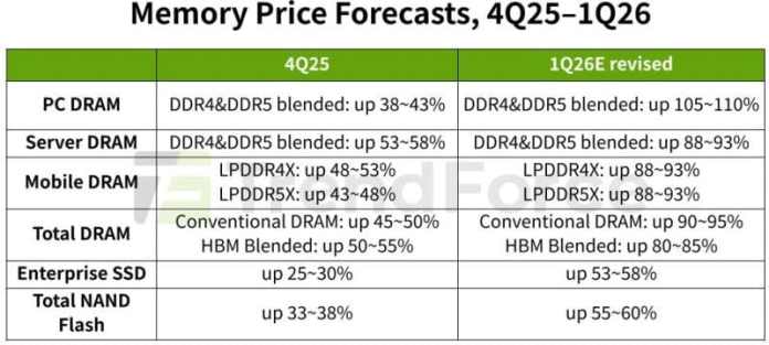 С настъпването на февруари експертите на TrendForce стигнаха до заключението, че прогнозата за динамиката на цените на чиповете памет, която направиха през четвъртото тримесечие не отразява реалната ситуация на пазара и следователно трябва да бъде коригирана в посока нагоре, и то много чувствително.
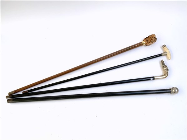 Lotto di quattro bastoni da passeggio di materiali differenti, uno contenente p
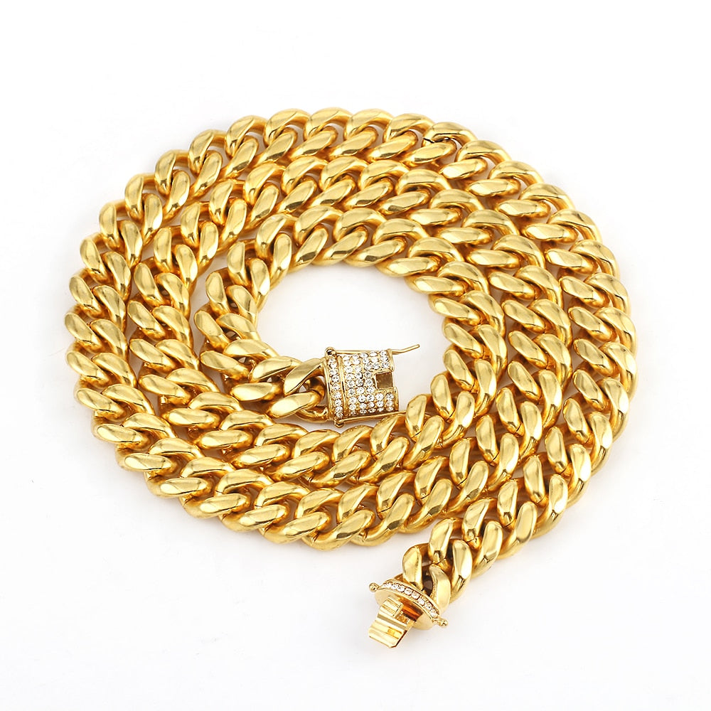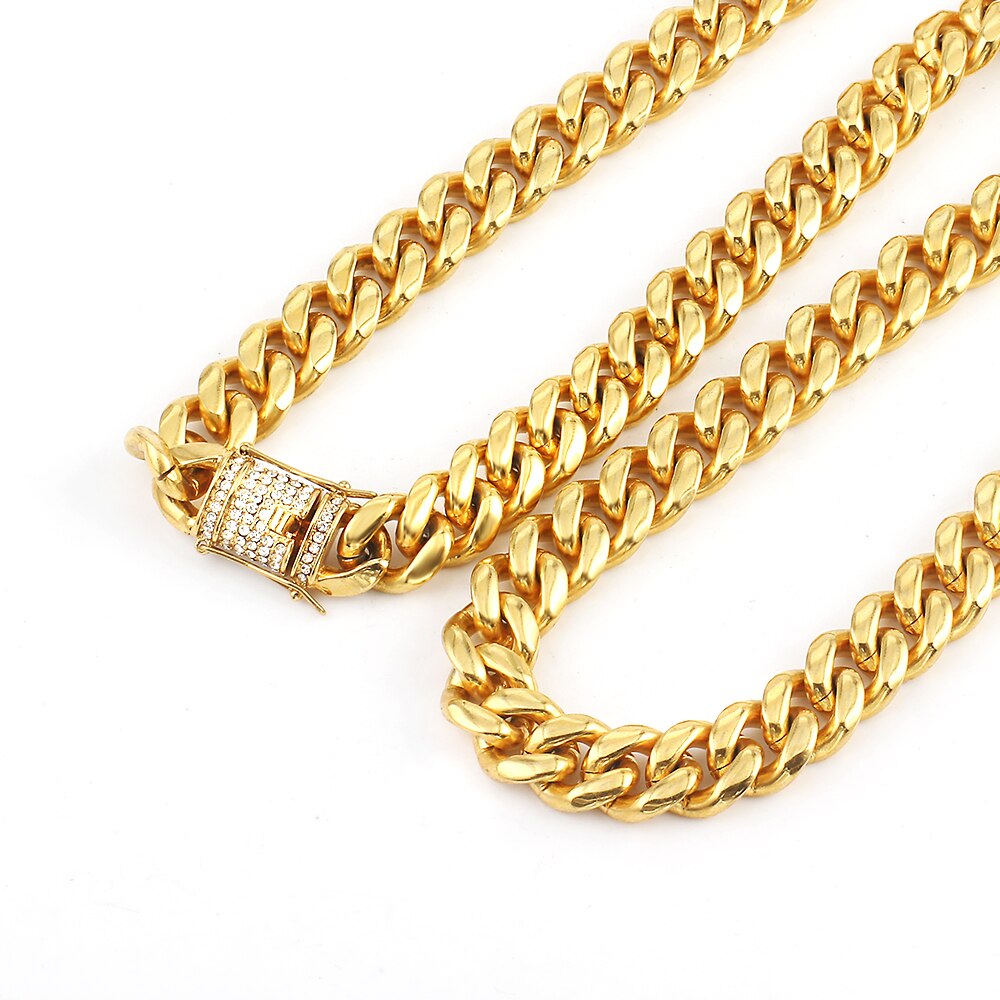 Collar de acero inoxidable de 6 a 14 mm para hombre y mujer, gargantilla, cadena de eslabones cubanos, collares dorados personalizables.
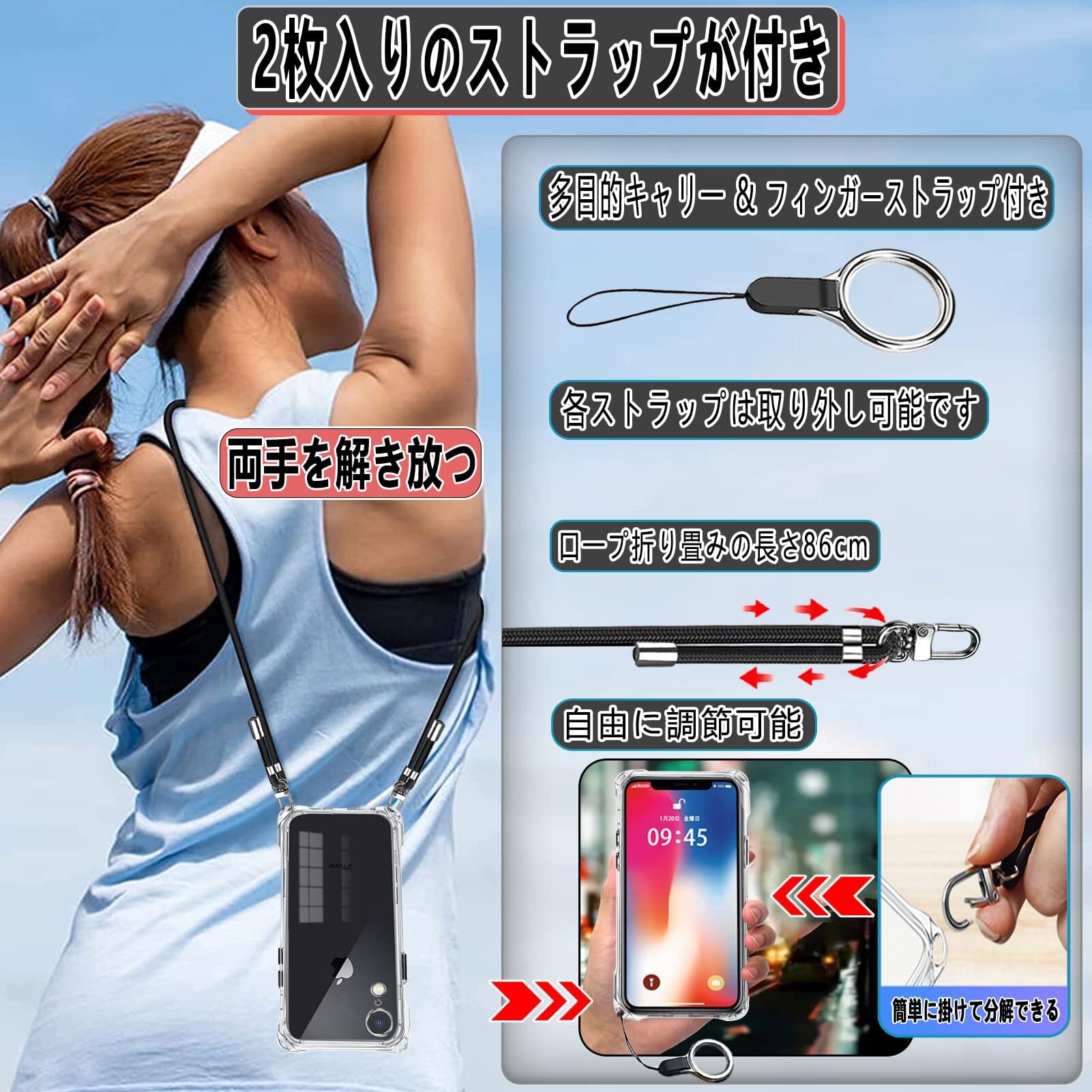 【ストラップ2枚付き & 両手を解き放つ & 調整も簡単】本iPhone XR ケースにはフィンガーストラップとネックストラップが付属します(フィンガーストラップ長さ:10cm、ネックストラップ装着時の最大調整長:86cm。)電話ケースの特別な四隅のデザインにより、電話を縦または横に肩に掛けることができ、ストラップはいつでも調整および取り外しできます。このアクセサリーはファッションだけでなく、通常のストラップよりも快適で実用的です。 作業、旅行、出張、ショピング、散歩、コンサート、パーティーに最適です。(あなたは受け取るでしょう:1x iPhone XR用 ケース + 1x フィンガーストラップ+ 1x ネックストラップ)
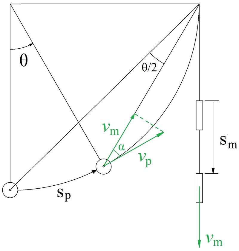 vm=θ˙L·cosπ/4-θ/2\displaystyle v_{m} = \dot{\theta} L \cdot \cos \left(\pi/4 - \theta/2 \right)
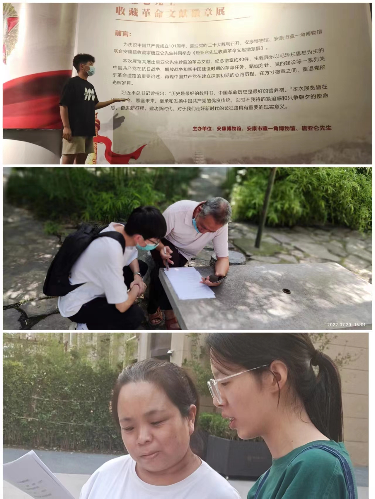 受疫情影响,“新火铸梦”队及时调整调研思路,因时因地开展调研,队员们分别走访西安雁塔区曲江街道阳光城plus小区、西安半坡博物馆、安康市汉滨区安康博物馆,了解学习红色资源及传统文化,并就相应红色资源和传统文化的在当地增强文化自信方面的作用,从地方政策支持、各单位推广宣传、红色资源及传统知识进课堂等方面开展问卷调查。队员们走访不同人群,了解相关情况,总结红色资源和传统文化的深入教育实践的措施,同时结合专业特色,进行红色资源和传统文化的宣传和推广,扩大红色资源和传统文化的影响力,加深了解,厚植爱党、爱国、爱社会主义的情怀,增强文化自信。
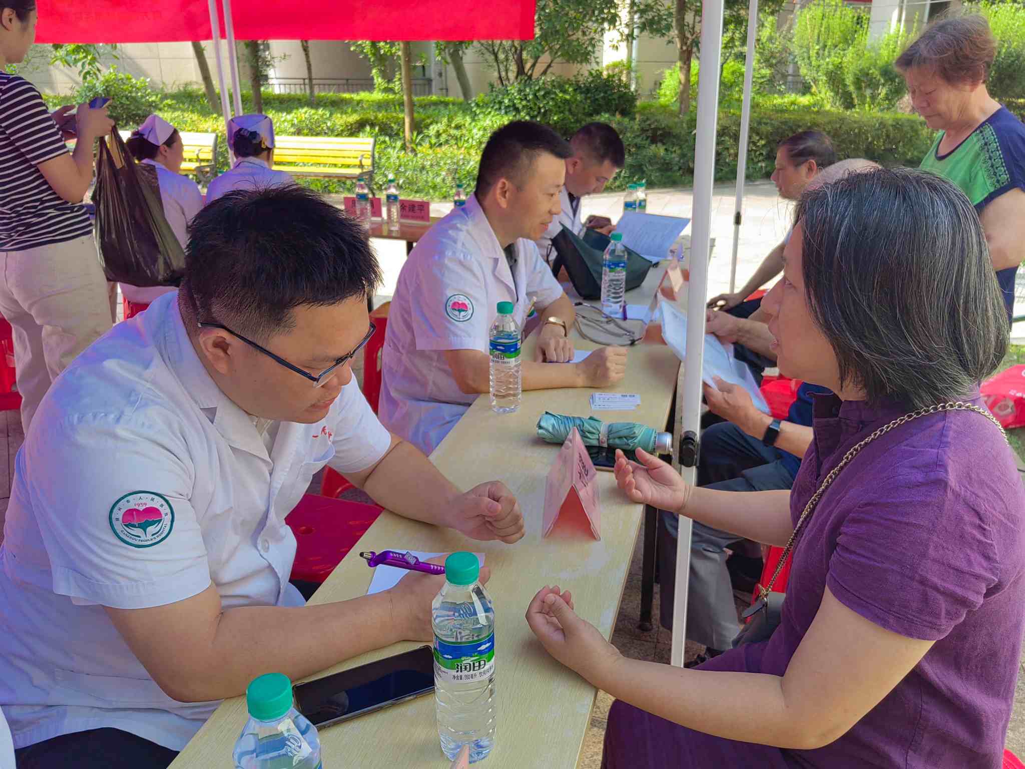 芳菲歇去何須恨,夏木陰陰正可人。為踐行“我為群眾辦實事”的服務理念,積極響應國家關于提升基層醫(yī)療服務水平、關愛居民健康的號召,切實解決群眾看病就醫(yī)的實際問題。在小區(qū)迎來業(yè)主入駐十周年慶典之際,7月5日上午燕興集團聯(lián)合南方醫(yī)院贛州醫(yī)院(贛州市人民醫(yī)院)博士團隊走進水南街道登峰社區(qū)公園壹號義診服務點,開展了“博士站一周年,院社合作啟新篇”為主題的大型義診活動。此次活動旨在為居民提供便捷、實用的服務,用愛意傳遞服務,用實際行動傳遞關懷,促進鄰里和諧,增強社區(qū)凝聚力,為社區(qū)居民提供免費健康檢查與咨詢服務,切實將優(yōu)質醫(yī)療資源送到居民家門口,受到了廣大居民的熱烈歡迎和積極參與,為社區(qū)居民帶來了一場全方位、高質量的健康關懷盛宴。
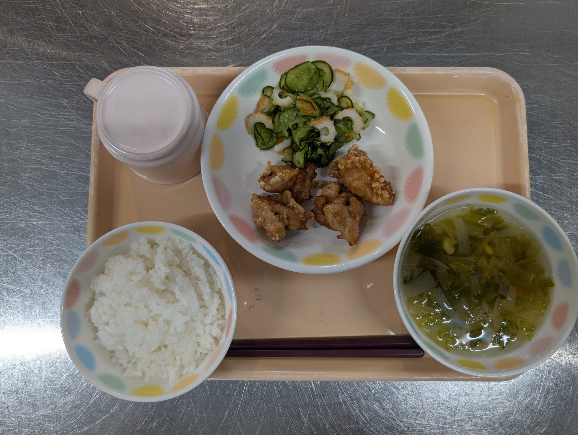 今日のメニューは、ご飯、鶏のから揚げ、きゅうりの中華サラダ、レタスのスープです😊
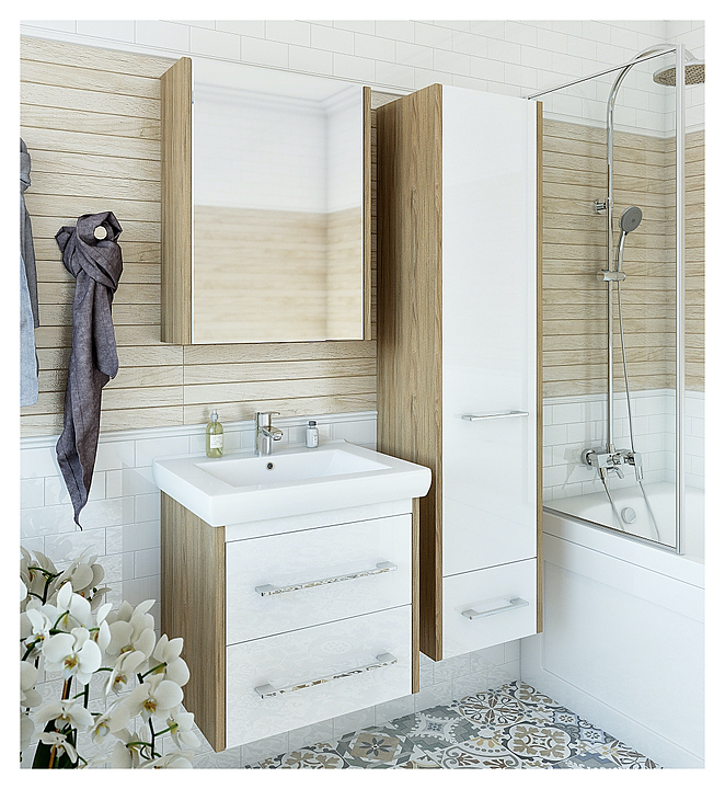 Тумба с раковиной Sanflor Ларго 2 70 см подвесная, белая, вяз швейцарский
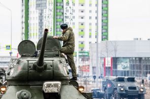 Жилой район Екатеринбурга Вторчермет 17 апреля перекрыли ради очередной репетиции парада Победы, появились первые кадры с военной тренировки. За движением боевых машин с интересом наблюдали местные жители.
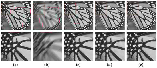 The five Butterfly images in the first row from left to right are: (a) Original image, (b) blurred image (Scenario II), (c) deblurred image by TVp,q(x) [], (d) D-TGV [], (e) our method. The second row image is an enlarged image corresponding to the first row image.
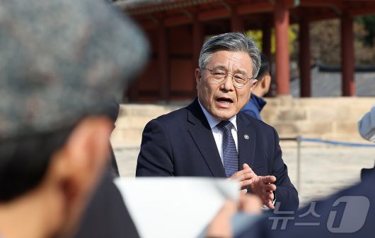 (서울=뉴스1) 김진환 기자 = 허민 국가유산청장이 7일 오후 서울 종묘 정전 하월대에서 종묘 앞 개발 관련 대법원 판결과 관련해 입장을 밝히고 있다. 앞서 대법원은 지난 6일 국가유산청(옛 문화재청)과 사전 협의 없이 문화재 외곽 지역 개발규제를 완화한 서울시 조례 개정은 정당하다고 판단을 내린 바 있다. 2025.11.7/뉴스1
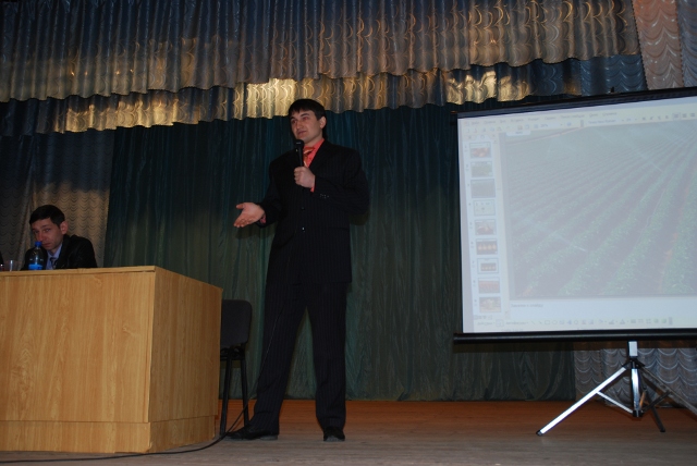 Открыл семинар-совещание и. о. заместителя главы района, начальника отдела сельского хозяйства муниципального образования Кущевский район Владимир Иванович Коваленко. Поприветствовав участников семинара-совещания, он коротко осветил успехи и трудности района на данный момент. О системе работы ИКС АПК в Краснодарском крае рассказал начальник отдела сельскохозяйственного консультирования ГУ КК «Кубанский сельскохозяйственный ИКЦ» Дмитрий Александрович Усатый.

────────────────────

Your goal: For this exercise, transcribe exactly the part of the records above that opens with the line containing "Lotto di quattro" and closes with the one containing "Collar de acero". Pictures are not part of the copy.

Your response:
 Lotto di quattro bastoni da passeggio di materiali differenti, uno contenente p
 Collar de acero inoxidable de 6 a 14 mm para hombre y mujer, gargantilla, cadena de eslabones cubanos, collares dorados personalizables.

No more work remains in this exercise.